Brief:
Here the job is to retype the data word for word while leaving the pictures aside.

Data block:
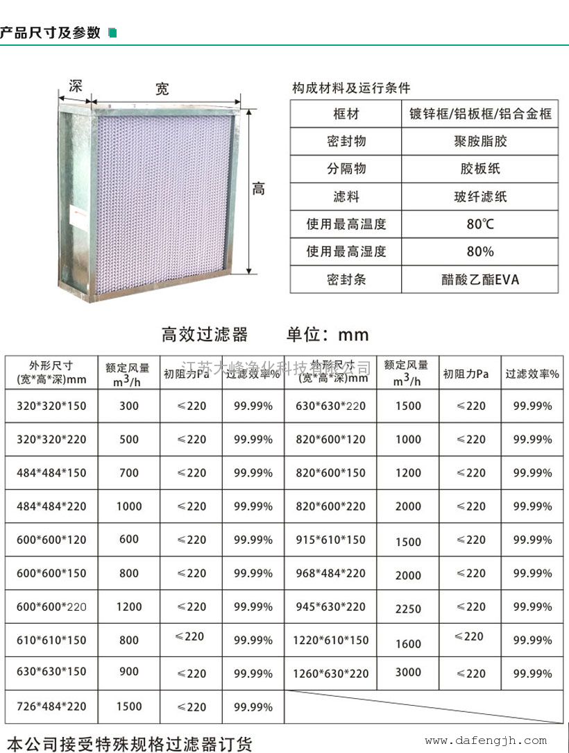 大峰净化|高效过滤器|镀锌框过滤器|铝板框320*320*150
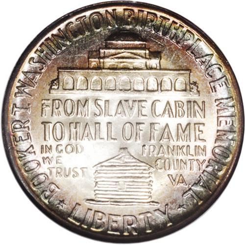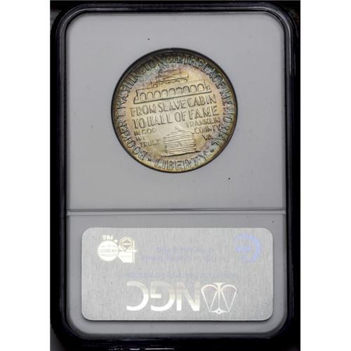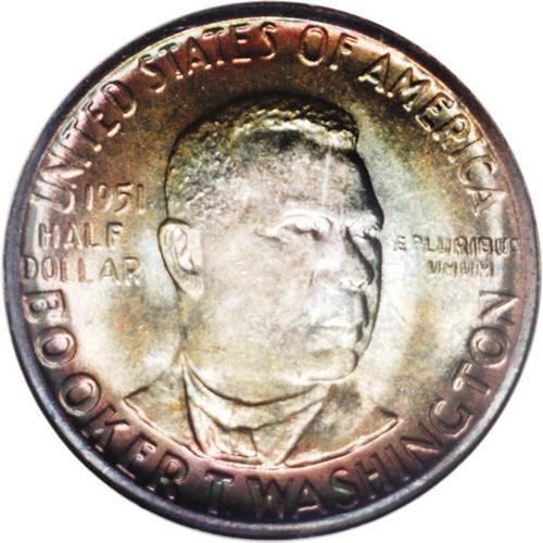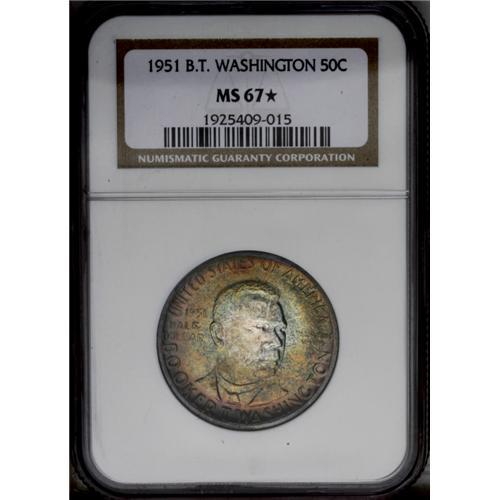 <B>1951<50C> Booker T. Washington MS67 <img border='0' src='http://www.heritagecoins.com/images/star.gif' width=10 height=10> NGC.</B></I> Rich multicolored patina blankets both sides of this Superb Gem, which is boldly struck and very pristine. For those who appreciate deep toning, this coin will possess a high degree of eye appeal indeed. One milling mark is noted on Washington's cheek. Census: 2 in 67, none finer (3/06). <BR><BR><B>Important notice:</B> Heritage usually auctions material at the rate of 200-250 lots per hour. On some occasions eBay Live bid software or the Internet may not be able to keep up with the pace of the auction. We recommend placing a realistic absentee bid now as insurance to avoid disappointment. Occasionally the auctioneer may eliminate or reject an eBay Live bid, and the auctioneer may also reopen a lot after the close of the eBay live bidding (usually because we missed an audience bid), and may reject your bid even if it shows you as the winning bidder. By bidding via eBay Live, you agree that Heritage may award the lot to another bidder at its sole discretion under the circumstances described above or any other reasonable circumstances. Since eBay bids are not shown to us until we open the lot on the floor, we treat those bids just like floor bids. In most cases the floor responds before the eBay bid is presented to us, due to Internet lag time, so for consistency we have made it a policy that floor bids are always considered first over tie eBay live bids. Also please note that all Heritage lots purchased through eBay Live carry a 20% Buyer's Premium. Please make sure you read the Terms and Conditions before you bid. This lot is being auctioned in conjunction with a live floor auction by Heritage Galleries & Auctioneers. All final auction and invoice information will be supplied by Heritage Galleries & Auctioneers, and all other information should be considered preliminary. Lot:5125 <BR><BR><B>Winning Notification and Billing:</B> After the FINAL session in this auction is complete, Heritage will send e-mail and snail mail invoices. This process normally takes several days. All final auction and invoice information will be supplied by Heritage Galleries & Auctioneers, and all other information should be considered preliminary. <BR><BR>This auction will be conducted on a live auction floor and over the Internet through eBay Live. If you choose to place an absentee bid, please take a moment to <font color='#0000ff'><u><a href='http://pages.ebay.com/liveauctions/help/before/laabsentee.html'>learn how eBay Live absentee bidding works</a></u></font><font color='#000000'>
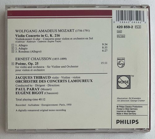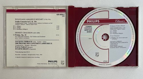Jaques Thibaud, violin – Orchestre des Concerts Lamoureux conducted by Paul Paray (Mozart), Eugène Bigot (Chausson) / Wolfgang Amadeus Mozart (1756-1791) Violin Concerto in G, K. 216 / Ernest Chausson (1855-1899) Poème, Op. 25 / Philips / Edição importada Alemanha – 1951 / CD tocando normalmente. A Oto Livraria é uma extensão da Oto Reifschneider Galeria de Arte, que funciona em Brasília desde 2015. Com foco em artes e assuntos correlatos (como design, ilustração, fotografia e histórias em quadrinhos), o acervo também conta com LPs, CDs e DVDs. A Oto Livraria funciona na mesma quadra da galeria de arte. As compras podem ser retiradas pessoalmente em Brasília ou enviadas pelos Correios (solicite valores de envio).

Output of the task:
 大峰净化|高效过滤器|镀锌框过滤器|铝板框320*320*150
 <B>1951<50C> Booker T. Washington MS67 <img border='0' src='http://www.heritagecoins.com/images/star.gif' width=10 height=10> NGC.</B></I> Rich multicolored patina blankets both sides of this Superb Gem, which is boldly struck and very pristine. For those who appreciate deep toning, this coin will possess a high degree of eye appeal indeed. One milling mark is noted on Washington's cheek. Census: 2 in 67, none finer (3/06). <BR><BR><B>Important notice:</B> Heritage usually auctions material at the rate of 200-250 lots per hour. On some occasions eBay Live bid software or the Internet may not be able to keep up with the pace of the auction. We recommend placing a realistic absentee bid now as insurance to avoid disappointment. Occasionally the auctioneer may eliminate or reject an eBay Live bid, and the auctioneer may also reopen a lot after the close of the eBay live bidding (usually because we missed an audience bid), and may reject your bid even if it shows you as the winning bidder. By bidding via eBay Live, you agree that Heritage may award the lot to another bidder at its sole discretion under the circumstances described above or any other reasonable circumstances. Since eBay bids are not shown to us until we open the lot on the floor, we treat those bids just like floor bids. In most cases the floor responds before the eBay bid is presented to us, due to Internet lag time, so for consistency we have made it a policy that floor bids are always considered first over tie eBay live bids. Also please note that all Heritage lots purchased through eBay Live carry a 20% Buyer's Premium. Please make sure you read the Terms and Conditions before you bid. This lot is being auctioned in conjunction with a live floor auction by Heritage Galleries & Auctioneers. All final auction and invoice information will be supplied by Heritage Galleries & Auctioneers, and all other information should be considered preliminary. Lot:5125 <BR><BR><B>Winning Notification and Billing:</B> After the FINAL session in this auction is complete, Heritage will send e-mail and snail mail invoices. This process normally takes several days. All final auction and invoice information will be supplied by Heritage Galleries & Auctioneers, and all other information should be considered preliminary. <BR><BR>This auction will be conducted on a live auction floor and over the Internet through eBay Live. If you choose to place an absentee bid, please take a moment to <font color='#0000ff'><u><a href='http://pages.ebay.com/liveauctions/help/before/laabsentee.html'>learn how eBay Live absentee bidding works</a></u></font><font color='#000000'>
Jaques Thibaud, violin – Orchestre des Concerts Lamoureux conducted by Paul Paray (Mozart), Eugène Bigot (Chausson) / Wolfgang Amadeus Mozart (1756-1791) Violin Concerto in G, K. 216 / Ernest Chausson (1855-1899) Poème, Op. 25 / Philips / Edição importada Alemanha – 1951 / CD tocando normalmente. A Oto Livraria é uma extensão da Oto Reifschneider Galeria de Arte, que funciona em Brasília desde 2015. Com foco em artes e assuntos correlatos (como design, ilustração, fotografia e histórias em quadrinhos), o acervo também conta com LPs, CDs e DVDs. A Oto Livraria funciona na mesma quadra da galeria de arte. As compras podem ser retiradas pessoalmente em Brasília ou enviadas pelos Correios (solicite valores de envio).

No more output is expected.